DIRECTIONS FOR THIS TASK:
Write out the data word for word and drop any picture you find.

AVAILABLE DATA:
* * *

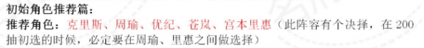 初始角色推荐:克里斯、周瑜、优纪、苍岚、宫本里惠
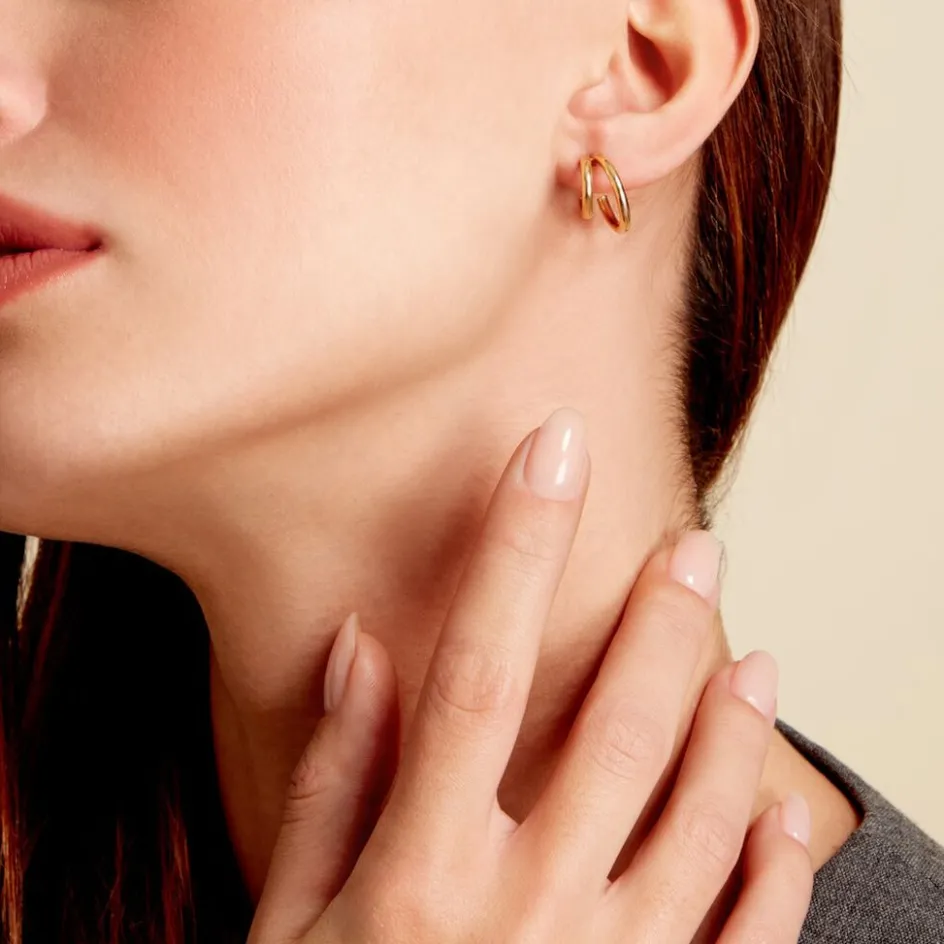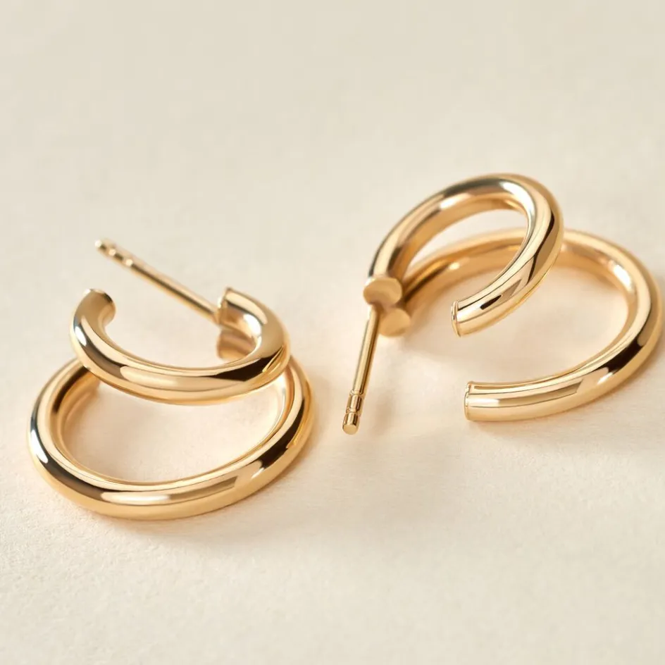 Creoles Or Jaune 375/1000 Demi Cercle Petit Et Grand Fil Rond Demi Jonc Bombe Lisse Longueur 16mm
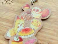 秋のおやつ&きつねとたぬきのイラストを、木製キーホルダーにしました!
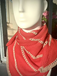 The color palette was inspired by a red and tan striped scarf I saw for sale online — I loved the color combination and wanted to reimagine it in a more elevated way as an asymmetrical triangle shawl worked in soft, luxurious yarn such as KAOS Soft Merino.

* * *

OUTPUT FOR THIS TASK:
 初始角色推荐:克里斯、周瑜、优纪、苍岚、宫本里惠
 Creoles Or Jaune 375/1000 Demi Cercle Petit Et Grand Fil Rond Demi Jonc Bombe Lisse Longueur 16mm
 秋のおやつ&きつねとたぬきのイラストを、木製キーホルダーにしました!
 The color palette was inspired by a red and tan striped scarf I saw for sale online — I loved the color combination and wanted to reimagine it in a more elevated way as an asymmetrical triangle shawl worked in soft, luxurious yarn such as KAOS Soft Merino.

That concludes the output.